## EXERCISE
Nothing but the lines from the one with "下車後,55688APP會自" through the end of the records may appear in the answer, each reproduced exactly, pictures omitted.

## DATA SECTION
------------------------------------

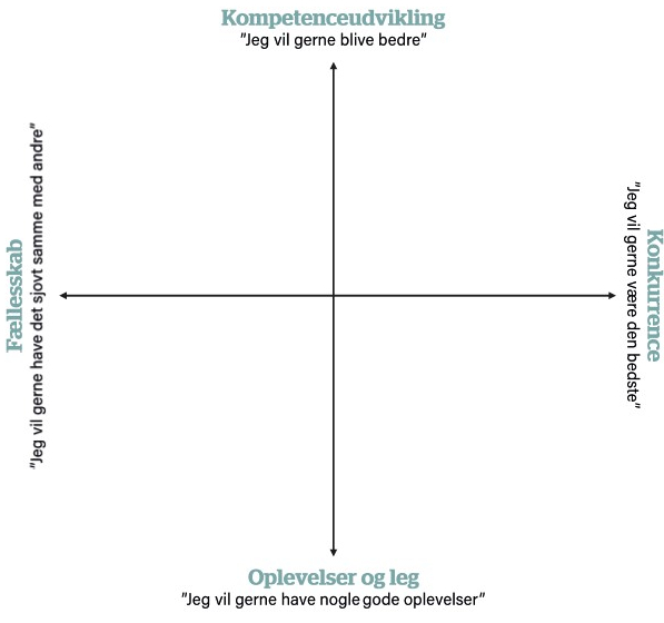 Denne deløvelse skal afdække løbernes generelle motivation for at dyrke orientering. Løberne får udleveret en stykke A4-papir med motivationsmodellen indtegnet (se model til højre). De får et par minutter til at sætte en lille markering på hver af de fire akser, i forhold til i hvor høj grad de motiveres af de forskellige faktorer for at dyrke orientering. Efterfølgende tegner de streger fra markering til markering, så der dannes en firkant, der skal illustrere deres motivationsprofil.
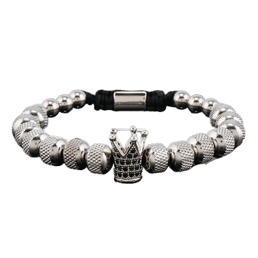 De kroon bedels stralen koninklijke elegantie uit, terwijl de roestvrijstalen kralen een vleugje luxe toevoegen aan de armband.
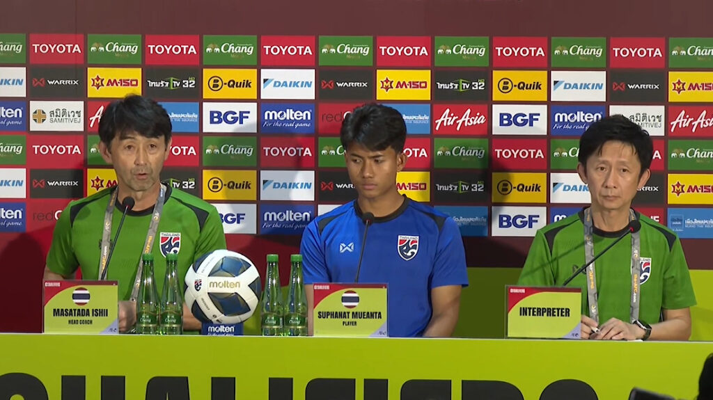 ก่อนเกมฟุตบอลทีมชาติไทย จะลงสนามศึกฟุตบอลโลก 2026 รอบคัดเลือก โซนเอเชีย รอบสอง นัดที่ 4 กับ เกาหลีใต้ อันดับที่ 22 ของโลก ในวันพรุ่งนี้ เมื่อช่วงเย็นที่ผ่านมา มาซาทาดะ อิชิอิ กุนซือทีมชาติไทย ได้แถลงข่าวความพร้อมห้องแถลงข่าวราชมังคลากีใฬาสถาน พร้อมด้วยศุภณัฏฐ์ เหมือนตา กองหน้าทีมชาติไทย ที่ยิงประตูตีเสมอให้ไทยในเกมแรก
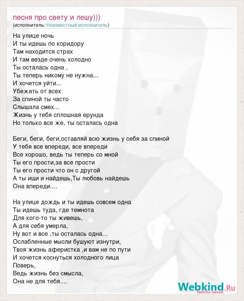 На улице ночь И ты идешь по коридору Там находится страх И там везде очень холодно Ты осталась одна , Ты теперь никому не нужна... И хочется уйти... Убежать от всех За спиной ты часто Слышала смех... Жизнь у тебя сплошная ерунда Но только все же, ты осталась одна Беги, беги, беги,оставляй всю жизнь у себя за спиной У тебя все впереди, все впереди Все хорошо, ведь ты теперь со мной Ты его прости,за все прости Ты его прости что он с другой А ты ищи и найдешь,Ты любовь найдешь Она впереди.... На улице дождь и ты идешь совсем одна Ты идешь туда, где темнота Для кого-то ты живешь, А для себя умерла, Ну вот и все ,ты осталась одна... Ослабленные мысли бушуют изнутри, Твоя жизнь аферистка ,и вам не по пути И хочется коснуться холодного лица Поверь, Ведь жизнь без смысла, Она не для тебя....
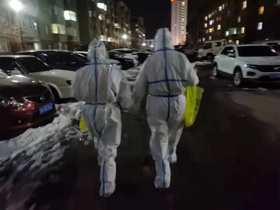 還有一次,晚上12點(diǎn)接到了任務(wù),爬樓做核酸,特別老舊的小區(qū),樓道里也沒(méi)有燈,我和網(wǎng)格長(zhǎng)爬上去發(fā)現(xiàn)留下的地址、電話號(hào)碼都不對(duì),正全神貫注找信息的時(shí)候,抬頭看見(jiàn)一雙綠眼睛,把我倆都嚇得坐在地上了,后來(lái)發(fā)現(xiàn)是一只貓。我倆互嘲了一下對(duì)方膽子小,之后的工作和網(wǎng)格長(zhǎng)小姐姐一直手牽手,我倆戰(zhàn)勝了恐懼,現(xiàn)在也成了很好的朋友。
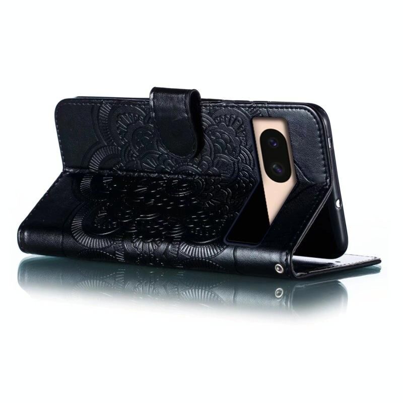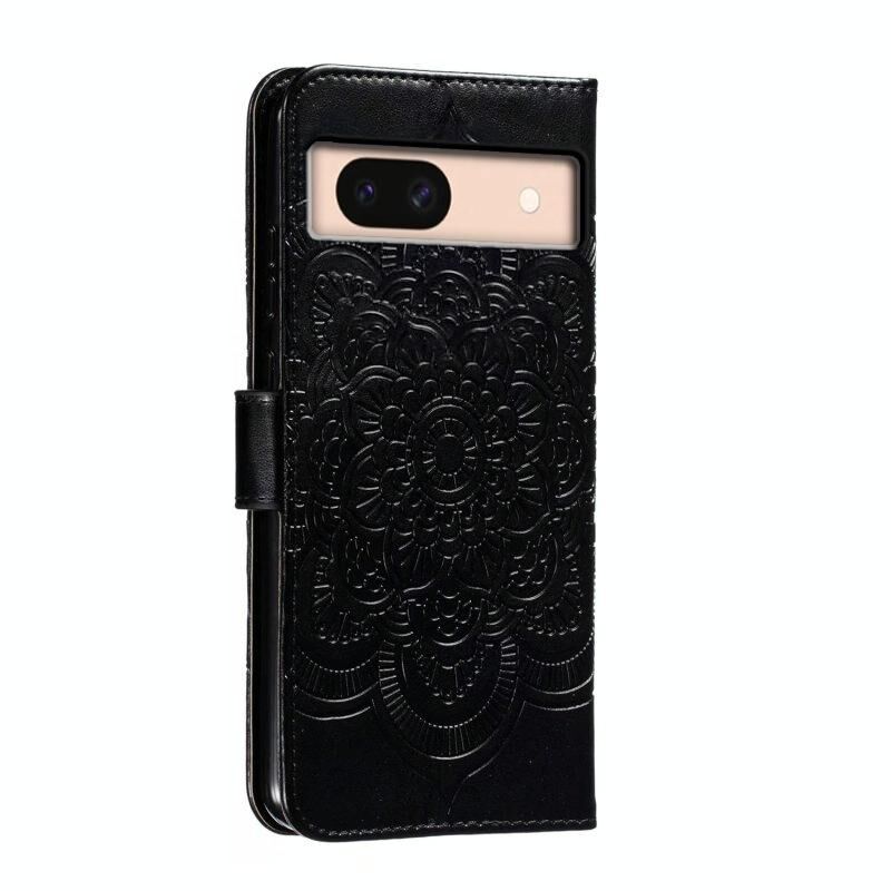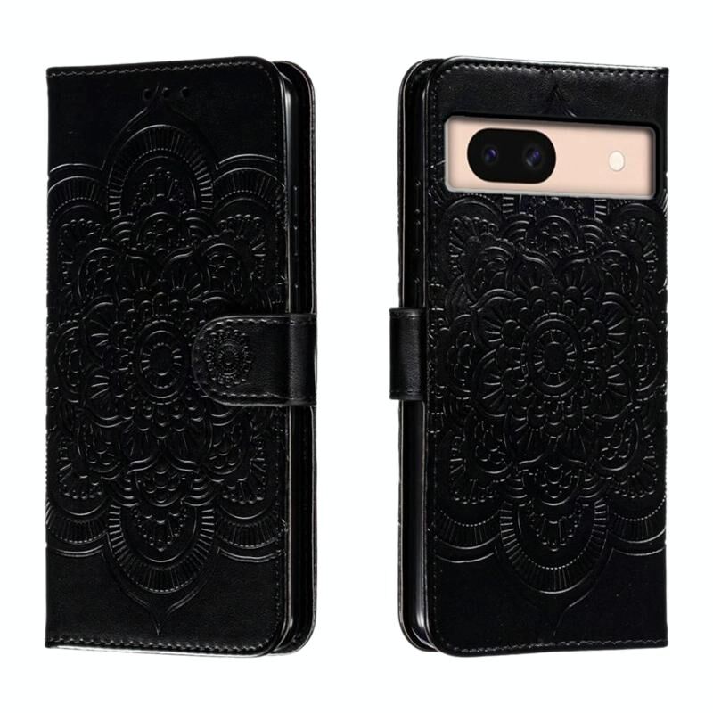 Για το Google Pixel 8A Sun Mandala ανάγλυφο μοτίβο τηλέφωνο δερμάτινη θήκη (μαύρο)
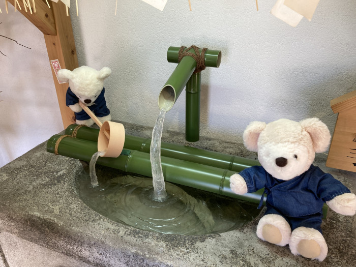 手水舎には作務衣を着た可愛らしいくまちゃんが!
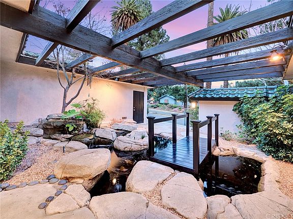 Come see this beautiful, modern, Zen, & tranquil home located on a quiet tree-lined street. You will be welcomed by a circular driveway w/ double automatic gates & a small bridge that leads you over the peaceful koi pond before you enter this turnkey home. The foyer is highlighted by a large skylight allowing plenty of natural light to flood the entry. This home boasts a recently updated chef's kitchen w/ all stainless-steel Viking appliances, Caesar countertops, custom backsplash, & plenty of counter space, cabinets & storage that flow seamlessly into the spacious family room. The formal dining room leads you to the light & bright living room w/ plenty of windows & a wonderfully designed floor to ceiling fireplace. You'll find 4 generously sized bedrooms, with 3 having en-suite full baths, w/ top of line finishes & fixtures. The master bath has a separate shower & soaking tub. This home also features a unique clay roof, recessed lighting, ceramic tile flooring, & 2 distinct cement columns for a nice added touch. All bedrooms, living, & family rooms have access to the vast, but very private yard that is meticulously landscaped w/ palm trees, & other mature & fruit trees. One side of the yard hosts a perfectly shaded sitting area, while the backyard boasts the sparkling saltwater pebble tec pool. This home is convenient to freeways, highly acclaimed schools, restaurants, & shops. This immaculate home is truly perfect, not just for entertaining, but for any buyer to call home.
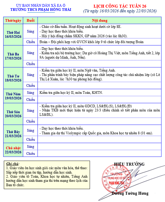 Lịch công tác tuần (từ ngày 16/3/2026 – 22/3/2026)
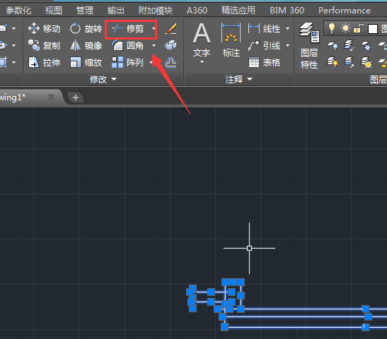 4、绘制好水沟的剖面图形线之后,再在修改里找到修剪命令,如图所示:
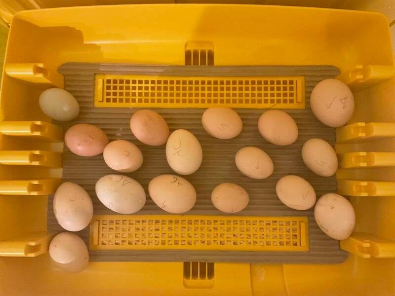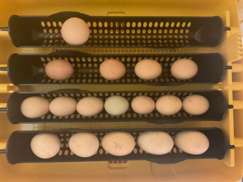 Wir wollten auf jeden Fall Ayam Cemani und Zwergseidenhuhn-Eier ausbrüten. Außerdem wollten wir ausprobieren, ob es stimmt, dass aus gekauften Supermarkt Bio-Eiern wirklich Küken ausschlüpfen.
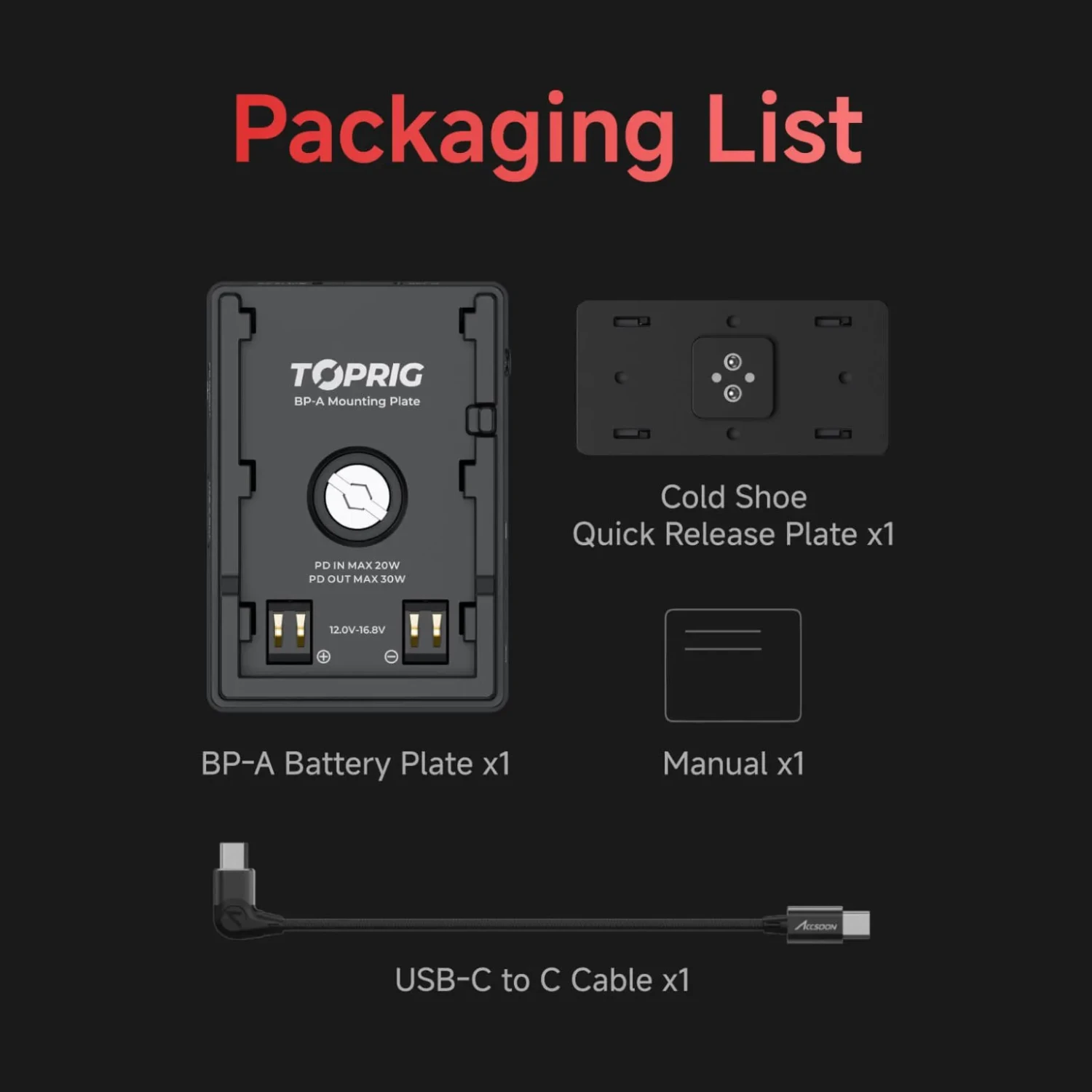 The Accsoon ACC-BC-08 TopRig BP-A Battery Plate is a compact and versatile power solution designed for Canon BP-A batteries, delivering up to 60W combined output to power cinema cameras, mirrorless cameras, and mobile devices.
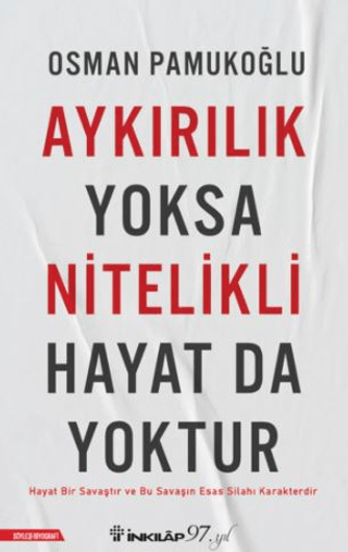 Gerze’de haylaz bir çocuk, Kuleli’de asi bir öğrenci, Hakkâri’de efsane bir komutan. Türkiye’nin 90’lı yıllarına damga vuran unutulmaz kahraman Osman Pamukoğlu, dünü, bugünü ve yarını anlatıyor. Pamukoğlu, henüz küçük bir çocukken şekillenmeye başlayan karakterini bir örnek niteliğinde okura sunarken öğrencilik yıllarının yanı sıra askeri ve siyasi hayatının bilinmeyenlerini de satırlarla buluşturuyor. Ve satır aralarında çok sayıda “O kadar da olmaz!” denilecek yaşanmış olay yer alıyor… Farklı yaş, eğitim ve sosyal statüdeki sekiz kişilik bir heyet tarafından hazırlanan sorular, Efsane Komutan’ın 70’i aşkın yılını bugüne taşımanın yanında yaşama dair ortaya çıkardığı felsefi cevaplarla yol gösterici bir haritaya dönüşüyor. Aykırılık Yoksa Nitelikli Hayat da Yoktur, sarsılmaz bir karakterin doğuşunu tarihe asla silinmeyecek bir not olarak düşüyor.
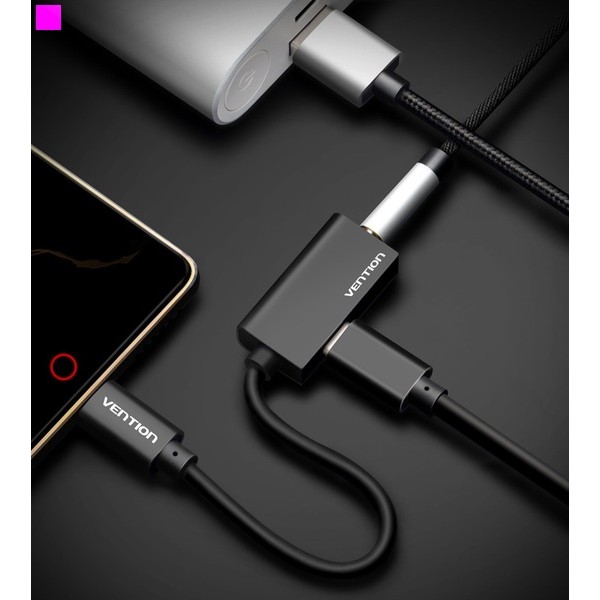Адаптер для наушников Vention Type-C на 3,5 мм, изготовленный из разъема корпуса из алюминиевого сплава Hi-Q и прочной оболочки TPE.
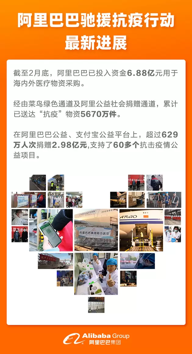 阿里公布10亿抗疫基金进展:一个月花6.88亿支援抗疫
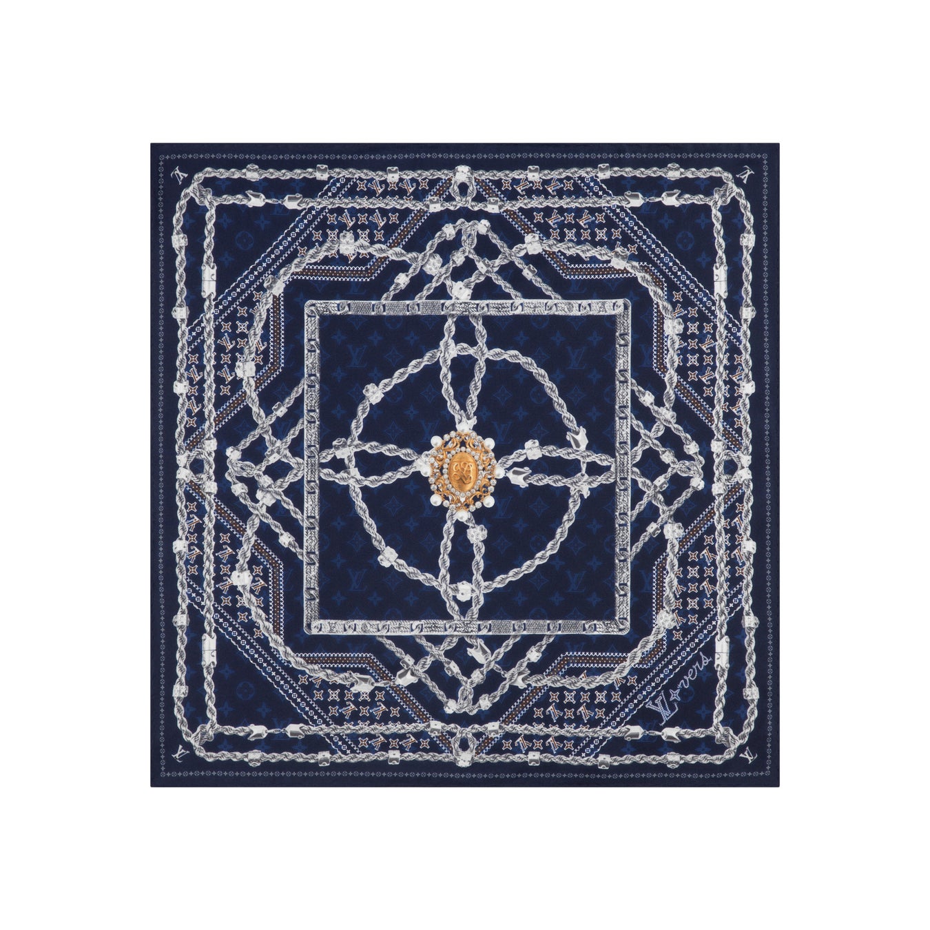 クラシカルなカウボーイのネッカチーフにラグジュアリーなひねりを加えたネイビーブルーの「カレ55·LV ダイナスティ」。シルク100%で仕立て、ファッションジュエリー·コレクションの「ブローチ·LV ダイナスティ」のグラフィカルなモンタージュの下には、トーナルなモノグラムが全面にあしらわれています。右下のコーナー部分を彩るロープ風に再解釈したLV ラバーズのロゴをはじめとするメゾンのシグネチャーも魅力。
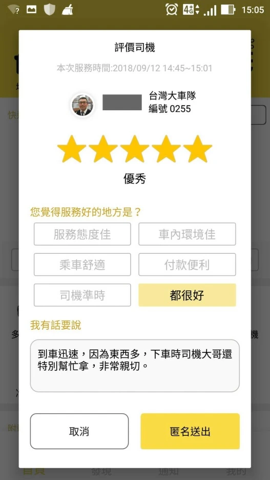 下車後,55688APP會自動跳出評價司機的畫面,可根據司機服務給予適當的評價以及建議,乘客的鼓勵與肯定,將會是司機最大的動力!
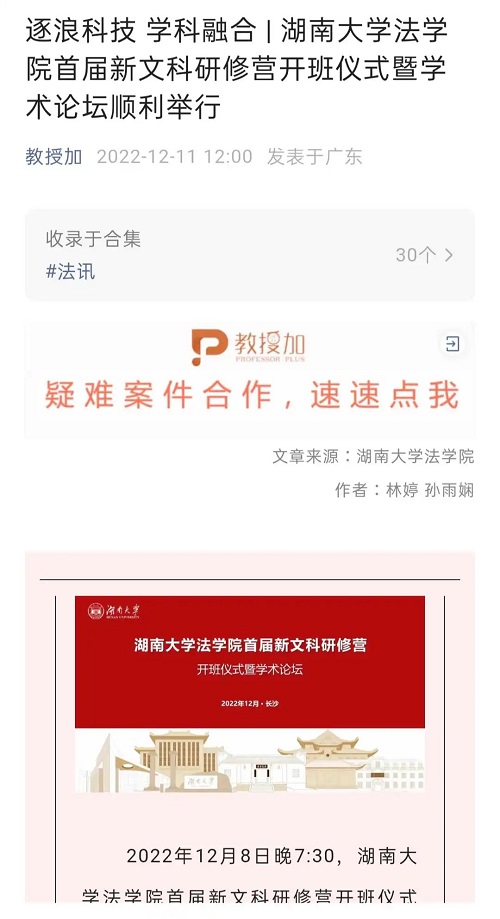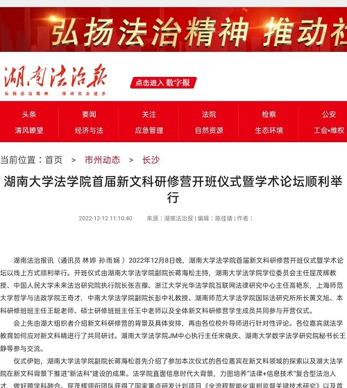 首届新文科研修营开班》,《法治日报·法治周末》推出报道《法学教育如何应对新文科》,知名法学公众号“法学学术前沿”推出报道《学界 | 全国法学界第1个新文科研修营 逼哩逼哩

------------------------------------

## COMPLETED EXERCISE
 下車後,55688APP會自動跳出評價司機的畫面,可根據司機服務給予適當的評價以及建議,乘客的鼓勵與肯定,將會是司機最大的動力!
 首届新文科研修营开班》,《法治日报·法治周末》推出报道《法学教育如何应对新文科》,知名法学公众号“法学学术前沿”推出报道《学界 | 全国法学界第1个新文科研修营 逼哩逼哩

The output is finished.